We linked the questionnaire responses to measurement data from an exposure-assessment experiment carried out at the Cincinnati College of Mortuary Sciences, as described previously (18). We assigned formaldehyde exposure levels during embalming to case and control subjects by use of a predictive model that was based on the exposure-assessment data, considering the effect of ventilation rate, concentration of the formaldehyde solution, whether an intact or autopsied corpse was embalmed, and measured covariates (19). After the final model was selected, its validity for estimating retrospective formaldehyde levels was evaluated on the basis of measurements from independent embalmings. The model overestimated the measured formaldehyde intensities by an average of 35% with a precision (variation of predicted values around the average bias) of 0.53 parts per million (ppm). The estimated accuracy was similar to the expected variability of repeated measurements of identical embalmings. We modified the approach of Hornung et al. (19) to consider the geometric mean by refitting the model as exp(1.976 − 0.092x1 − 0.488x2 − 0.894x3 + 0.4592/2), where x1 is the number of air changes per hour, x2 is equal to 1 for an intact corpse and 0 for an autopsied corpse, and x3 is equal to 1 if no spill and to 0 if a spill occurred, and 0.4592/2, which was used to estimate the arithmetic mean, is one half of the variance. The model explained 74% of the variability. Further, we calculated peak exposure level as the maximum of moving averages of any series of measurements covering 15 minutes (90 measurements, with one measurement every 10 seconds), with peak levels estimated according to the formula exp(2.354 − 0.0708x1 + 0.0913x2 − 0.344x3 + 0.5312/2), with x1, x2, and x3 as above. The model for peaks explained 44% of the variance. The peak model could not be validated because independent real-time measurements were not available for the validation embalmings.

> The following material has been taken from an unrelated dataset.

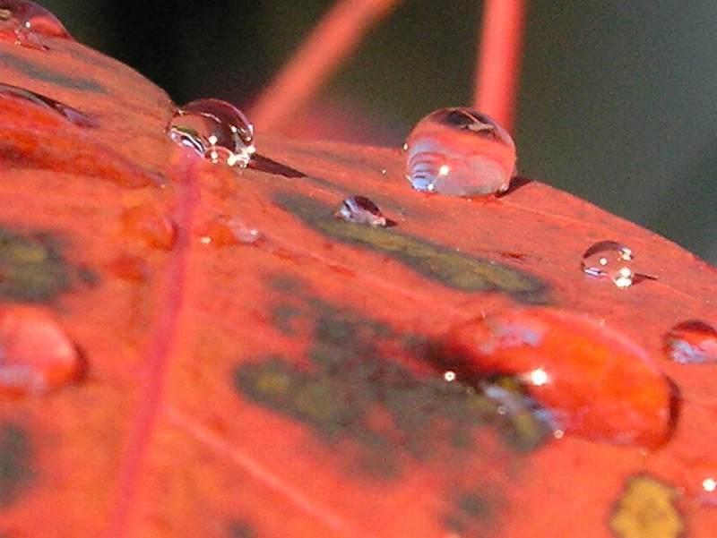 noch mehr Tropfen, hier auf prächtig rotem Perückenstrauchblatt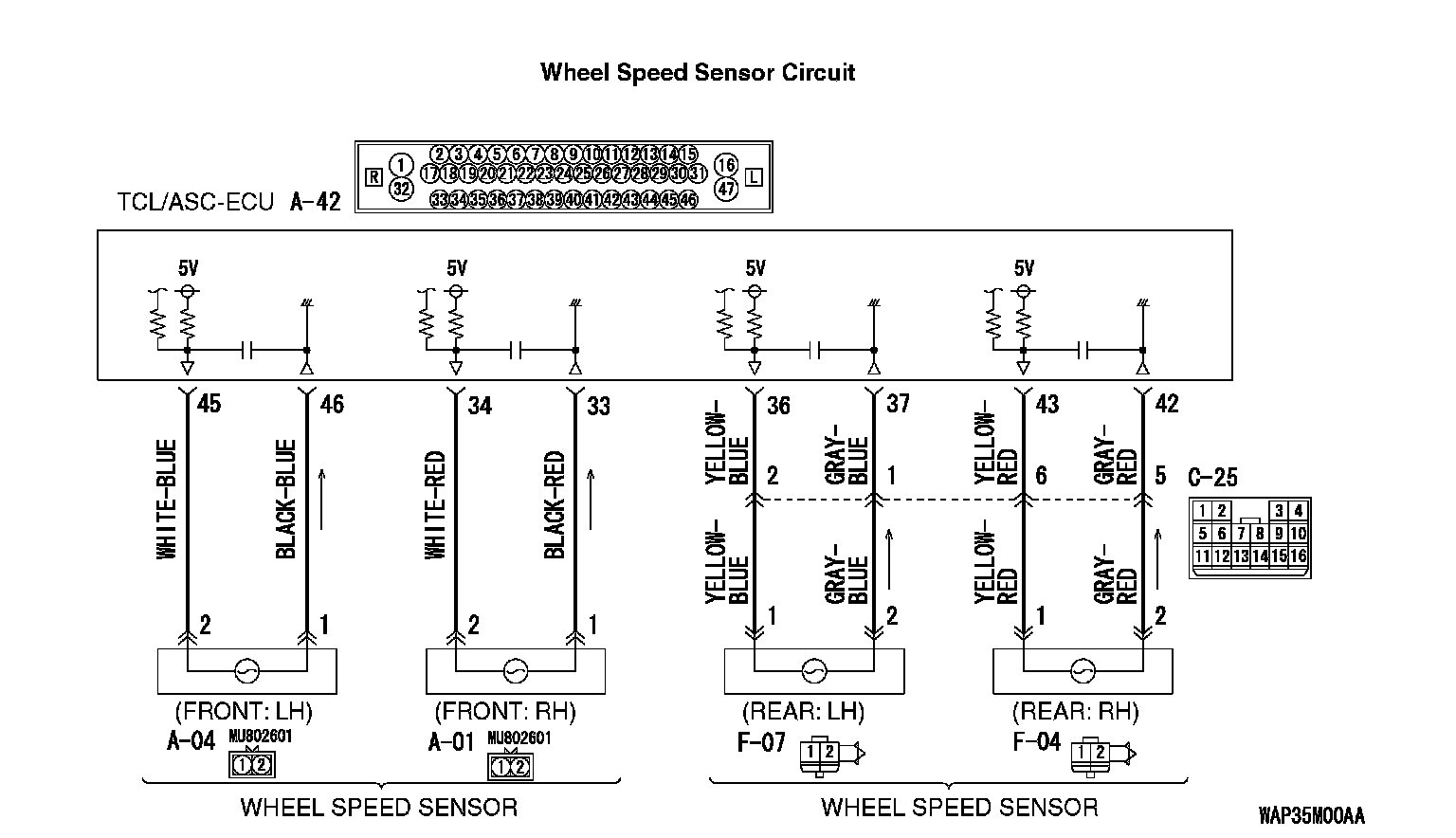 Q: Are TCL/ASC-ECU connector A42, intermediate connector C-25 and wheel speed sensor [rear: RH] connector F-04 damaged?

For time periods with multiple interview reports, the average covariate value across reports was used, with interview responses for categorical variables converted to the midpoint of the range. Whenever any one respondent reported embalming for a given year, we assumed the study subject indeed embalmed in that year. If data were missing for a year, information available for other years for the same job was used; if those data were not available, the mean for the same 10-year age group and decade of work among control subjects who ever embalmed was imputed.
For each subject, job- and year-specific formaldehyde exposure estimates were derived with conversions in the predictive model as follows. Fan effectiveness was converted to 1.1, 5.5, and 13.3 air changes per hour to correspond to the responses of poor ventilation or no fan, moderate ventilation, and excellent ventilation, respectively. Duration was converted to 0.75, 1.5, 2.5, and 3.5 hours for less than 1, 1–2, more than 2 to 3, and more than 3 hours, respectively. Spill frequency was converted to 96, 36, 8, and 0 times per year to correspond to more than one spill per week, a few times per month, a few times per year, and never, respectively.
Using the predictive model, we calculated the estimated formaldehyde intensity during embalmings for each combination of characteristics (intact or autopsied corpse, spills, and ventilation) under which embalmings were performed during a given year. After multiplying each intensity estimate by the number and typical duration of each type of embalming, the products were added to yield the cumulative formaldehyde exposure for each year. Nonfuneral home and nonembalming jobs were assigned an intensity estimate of zero. Lifetime cumulative formaldehyde exposure was calculated by summing yearly estimates over the entire job history. Average formaldehyde intensity while embalming was calculated by dividing cumulative exposure by the number of hours of embalming. The 8-hour time-weighted average formaldehyde intensity was calculated by dividing cumulative exposure by the number of years of embalming and by 1950 hours/year (ie, the assumed number of hours worked per year). Lifetime peak formaldehyde exposure was predicted as the maximum 15-minute average intensity ever experienced over all embalmings over all years. We also calculated the lifetime number of embalmings that were associated with predicted peaks exceeding a certain level.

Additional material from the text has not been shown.